BEGIN

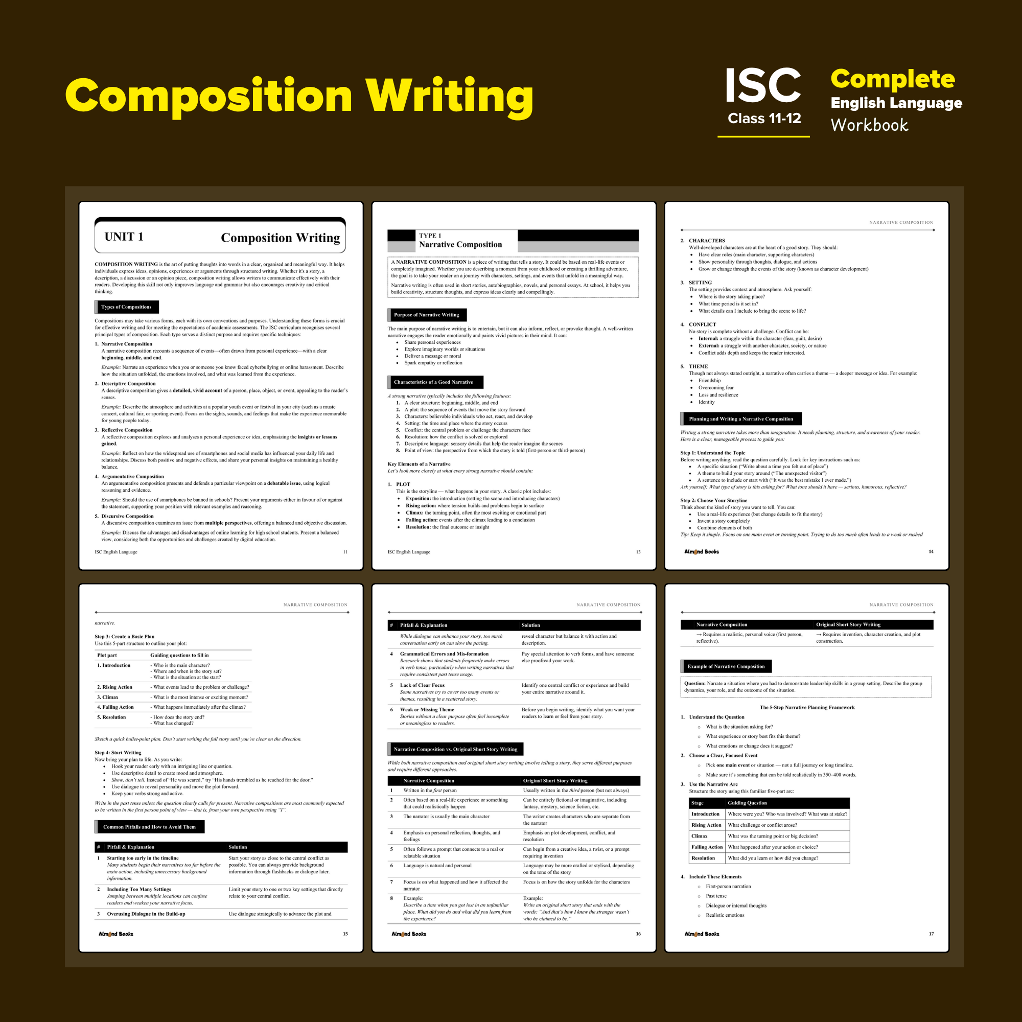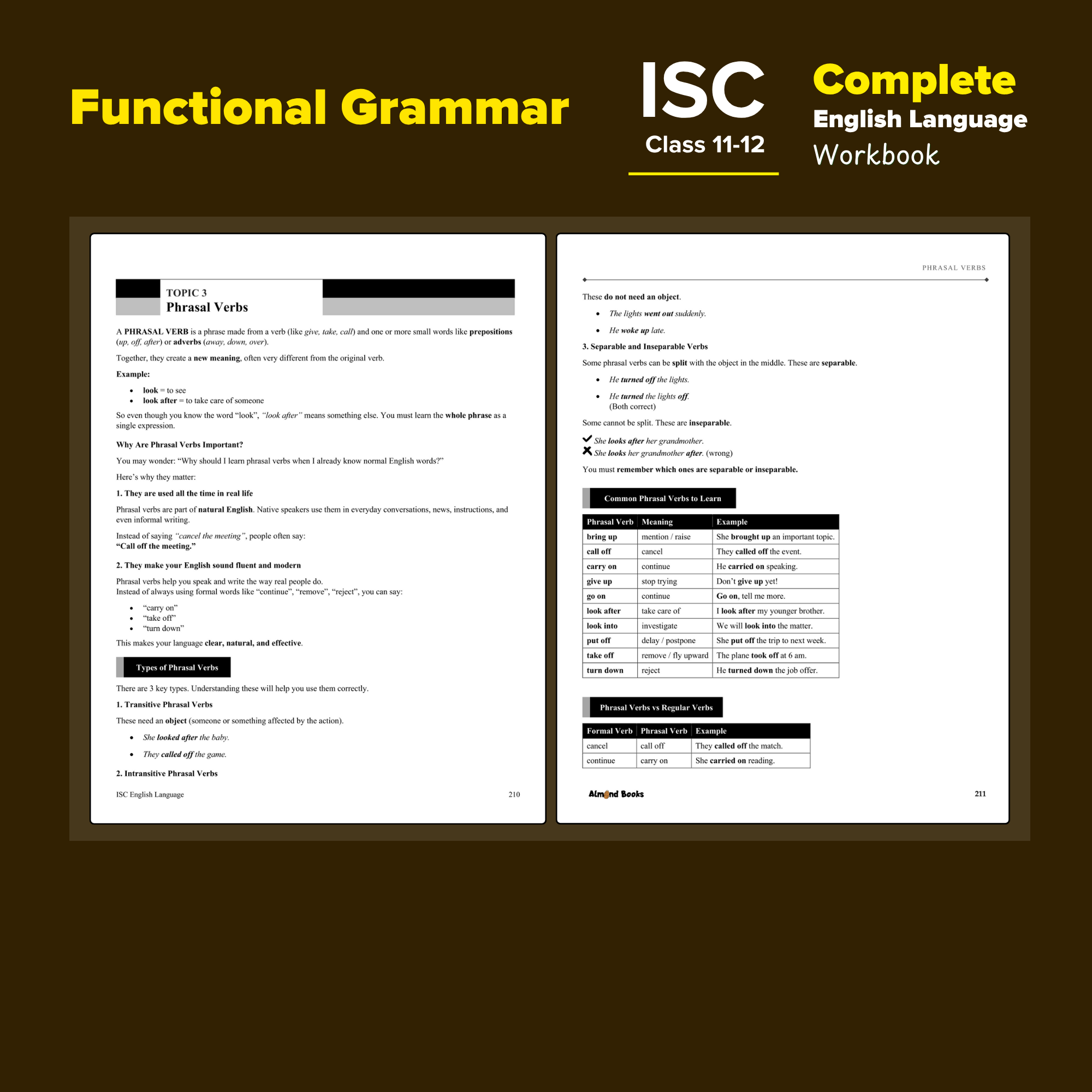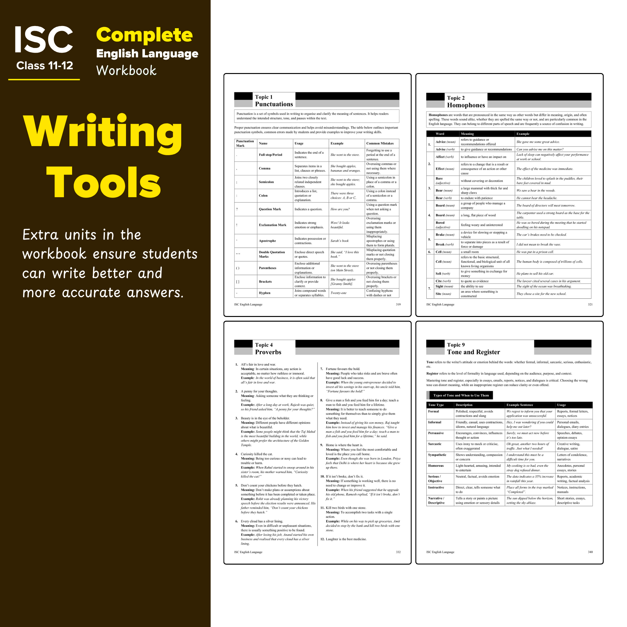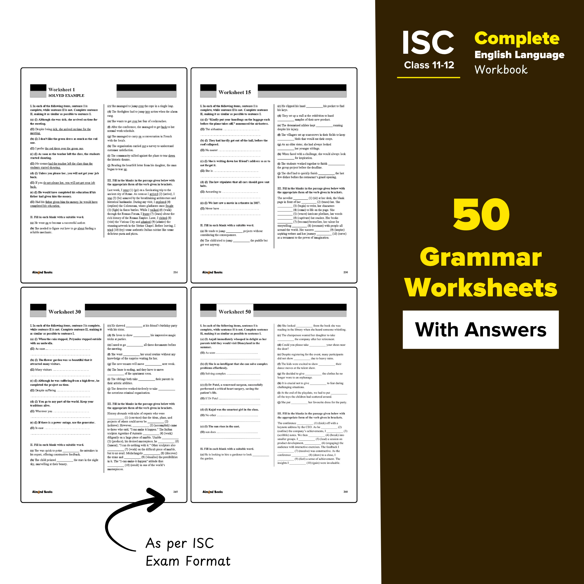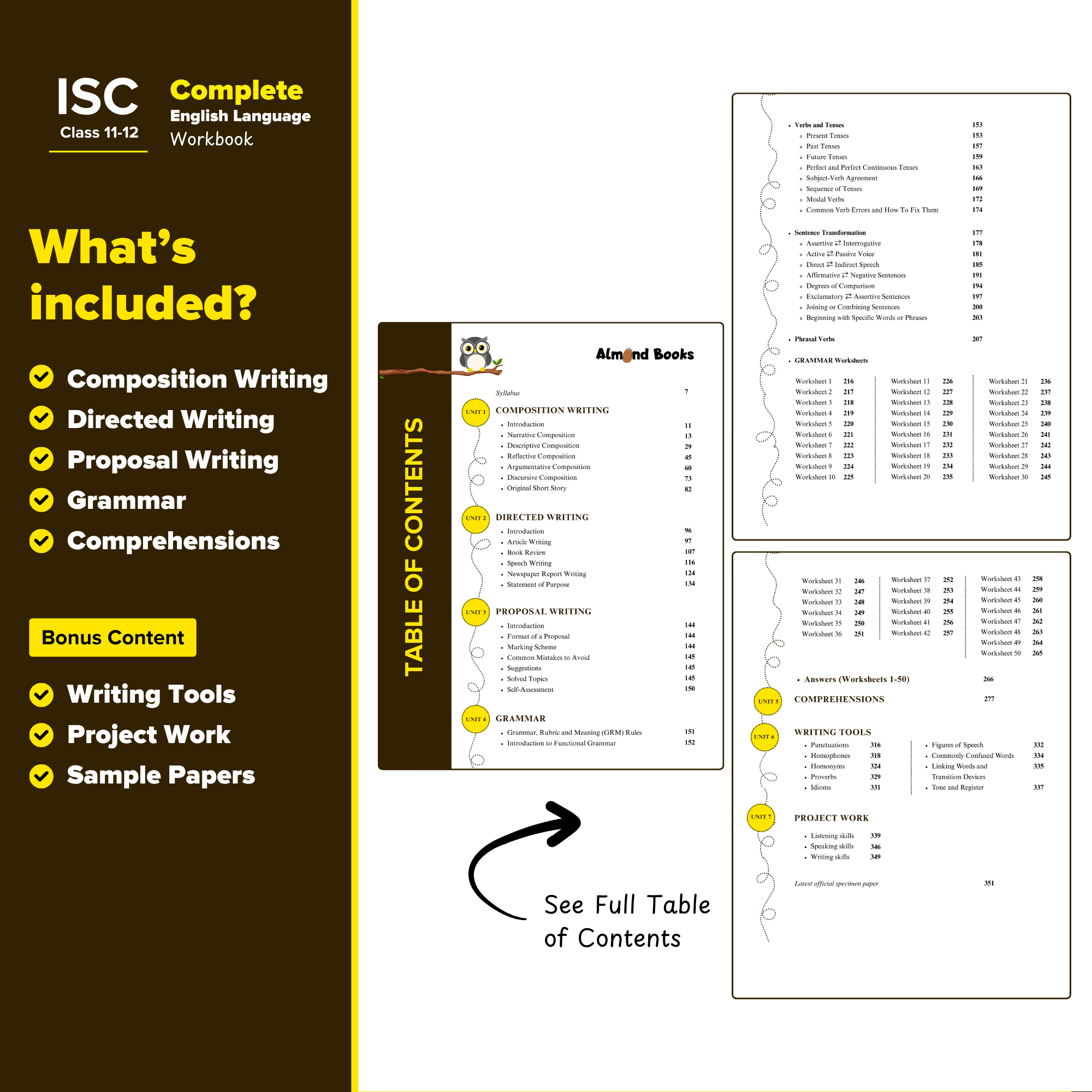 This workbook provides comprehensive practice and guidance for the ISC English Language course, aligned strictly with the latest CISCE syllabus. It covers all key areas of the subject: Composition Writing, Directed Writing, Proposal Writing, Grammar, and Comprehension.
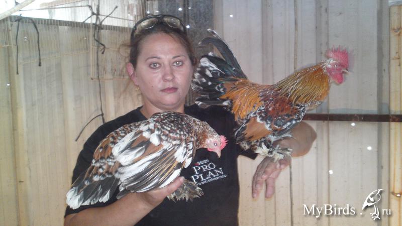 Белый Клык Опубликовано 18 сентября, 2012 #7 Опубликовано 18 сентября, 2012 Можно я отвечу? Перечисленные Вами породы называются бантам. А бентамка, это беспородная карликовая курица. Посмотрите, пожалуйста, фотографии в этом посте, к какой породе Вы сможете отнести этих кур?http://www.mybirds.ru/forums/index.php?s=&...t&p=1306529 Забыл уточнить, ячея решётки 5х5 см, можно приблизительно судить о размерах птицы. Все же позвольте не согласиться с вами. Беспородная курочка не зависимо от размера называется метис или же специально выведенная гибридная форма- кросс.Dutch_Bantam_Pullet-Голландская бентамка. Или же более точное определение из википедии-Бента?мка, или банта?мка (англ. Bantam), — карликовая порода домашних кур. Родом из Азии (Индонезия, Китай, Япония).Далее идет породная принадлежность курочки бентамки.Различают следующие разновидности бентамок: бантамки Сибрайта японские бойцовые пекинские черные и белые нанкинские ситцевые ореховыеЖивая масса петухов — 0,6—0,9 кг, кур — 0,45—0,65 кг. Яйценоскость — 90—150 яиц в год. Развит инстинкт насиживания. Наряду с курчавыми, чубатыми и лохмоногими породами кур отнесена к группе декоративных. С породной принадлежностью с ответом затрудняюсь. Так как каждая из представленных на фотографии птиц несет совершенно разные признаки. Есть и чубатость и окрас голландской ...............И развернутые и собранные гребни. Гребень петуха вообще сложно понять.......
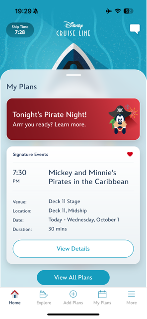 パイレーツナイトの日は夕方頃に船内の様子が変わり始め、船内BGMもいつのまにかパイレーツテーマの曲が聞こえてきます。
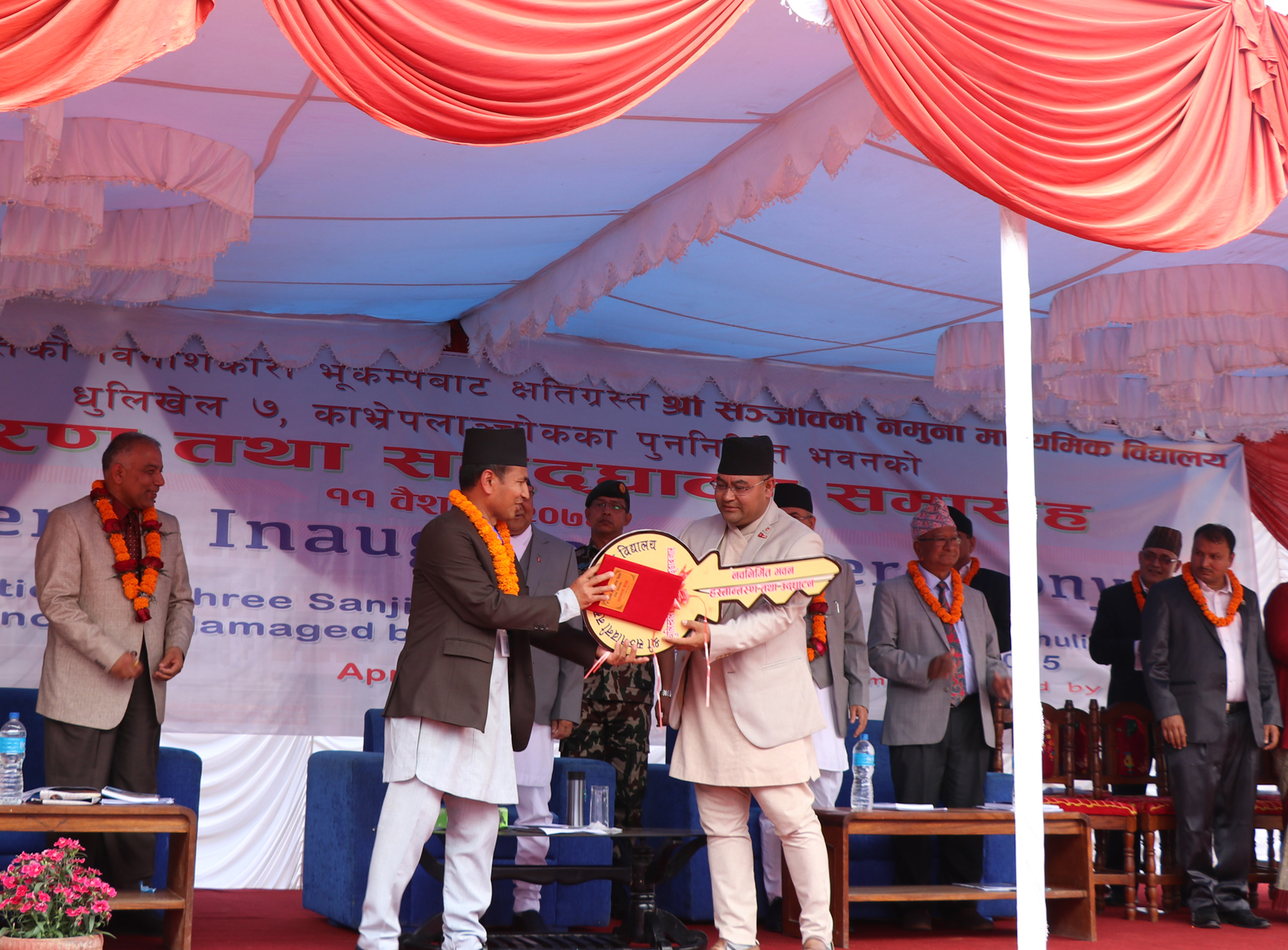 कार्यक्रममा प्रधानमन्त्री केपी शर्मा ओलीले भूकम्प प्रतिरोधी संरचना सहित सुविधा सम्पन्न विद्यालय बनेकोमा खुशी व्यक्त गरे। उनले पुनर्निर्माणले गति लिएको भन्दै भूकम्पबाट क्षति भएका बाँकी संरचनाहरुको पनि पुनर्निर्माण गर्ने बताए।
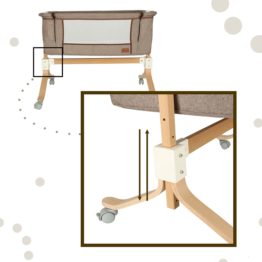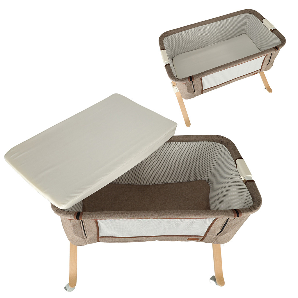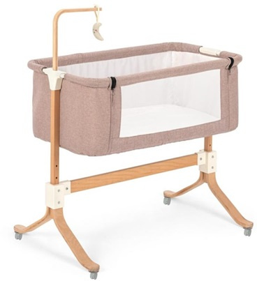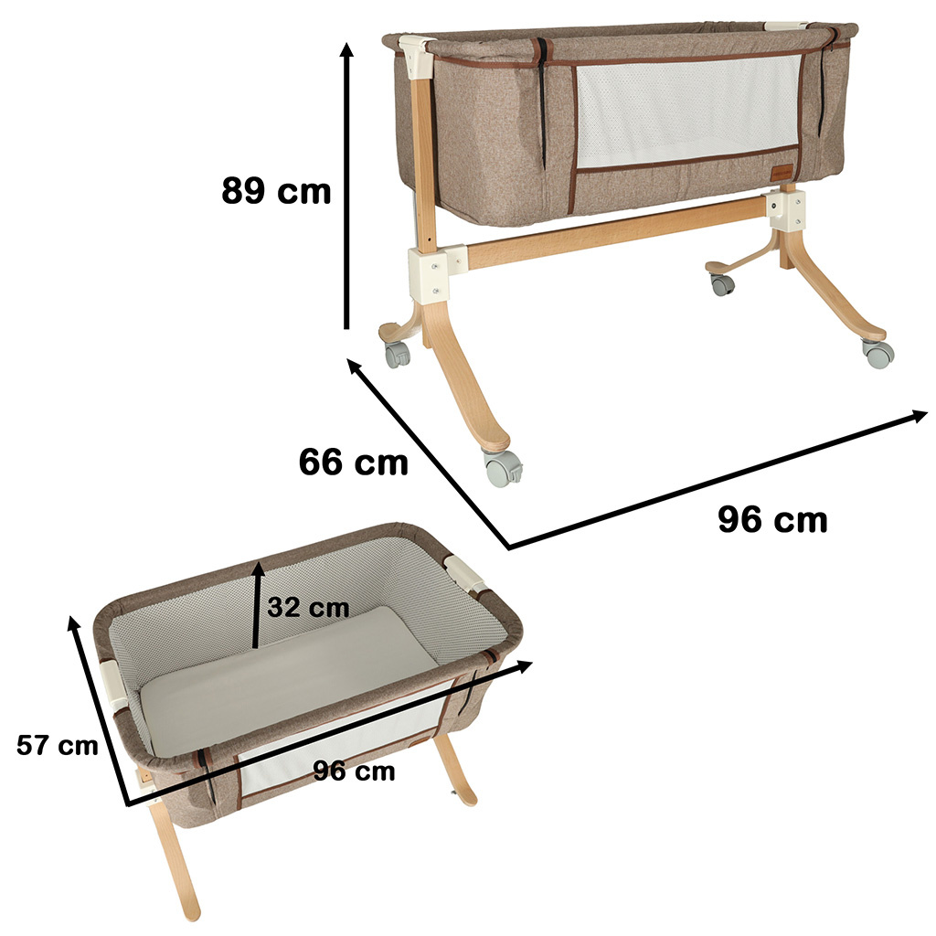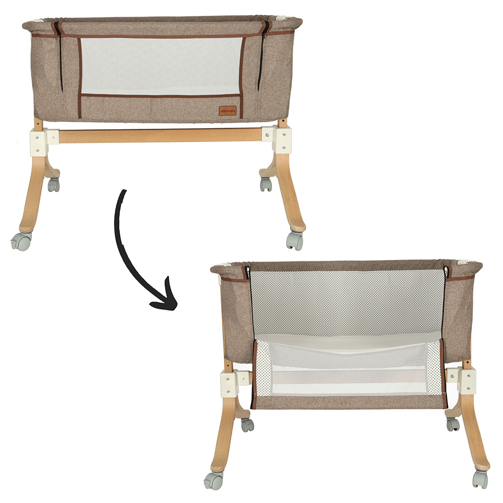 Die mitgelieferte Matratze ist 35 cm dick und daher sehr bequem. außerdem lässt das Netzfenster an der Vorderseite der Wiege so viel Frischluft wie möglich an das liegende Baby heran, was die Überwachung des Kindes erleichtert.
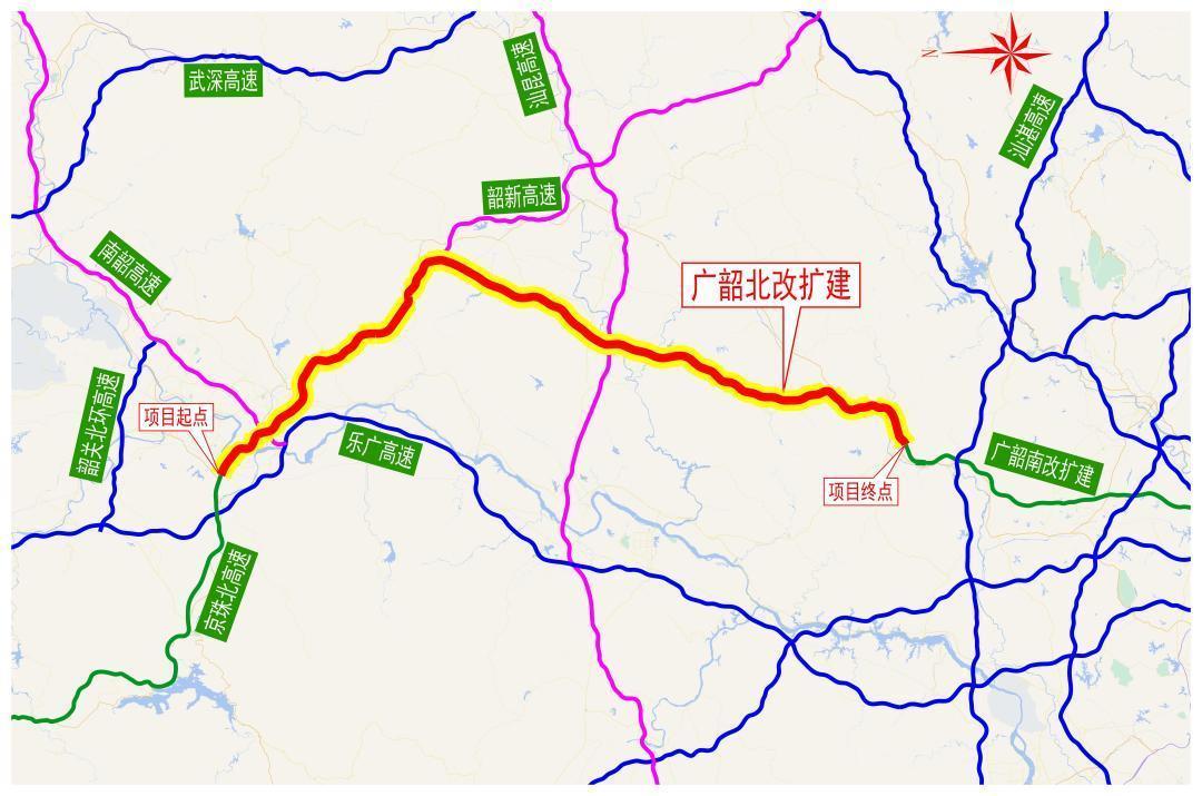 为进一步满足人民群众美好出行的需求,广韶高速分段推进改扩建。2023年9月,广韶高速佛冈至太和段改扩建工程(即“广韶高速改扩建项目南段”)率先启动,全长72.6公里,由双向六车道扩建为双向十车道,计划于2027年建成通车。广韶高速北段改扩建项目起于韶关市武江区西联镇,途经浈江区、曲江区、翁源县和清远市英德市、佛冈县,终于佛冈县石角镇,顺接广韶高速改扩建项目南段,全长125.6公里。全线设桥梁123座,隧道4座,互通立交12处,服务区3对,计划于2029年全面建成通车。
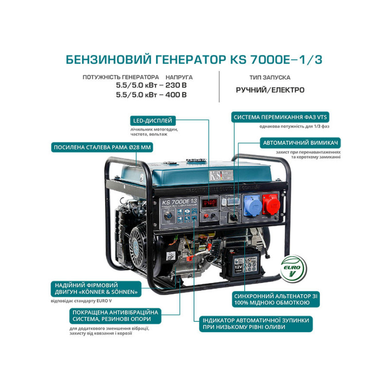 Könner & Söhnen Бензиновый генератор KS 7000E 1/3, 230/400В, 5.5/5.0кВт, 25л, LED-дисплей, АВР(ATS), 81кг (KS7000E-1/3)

END

## HOW TO COMPLETE THIS TASK
Leaving every picture out, please copy exactly the lines from the one holding "Die mitgelieferte Matratze" through the last line of the listing, both ends included.

## SOLVED PROBLEM
 Die mitgelieferte Matratze ist 35 cm dick und daher sehr bequem. außerdem lässt das Netzfenster an der Vorderseite der Wiege so viel Frischluft wie möglich an das liegende Baby heran, was die Überwachung des Kindes erleichtert.
 为进一步满足人民群众美好出行的需求,广韶高速分段推进改扩建。2023年9月,广韶高速佛冈至太和段改扩建工程(即“广韶高速改扩建项目南段”)率先启动,全长72.6公里,由双向六车道扩建为双向十车道,计划于2027年建成通车。广韶高速北段改扩建项目起于韶关市武江区西联镇,途经浈江区、曲江区、翁源县和清远市英德市、佛冈县,终于佛冈县石角镇,顺接广韶高速改扩建项目南段,全长125.6公里。全线设桥梁123座,隧道4座,互通立交12处,服务区3对,计划于2029年全面建成通车。
 Könner & Söhnen Бензиновый генератор KS 7000E 1/3, 230/400В, 5.5/5.0кВт, 25л, LED-дисплей, АВР(ATS), 81кг (KS7000E-1/3)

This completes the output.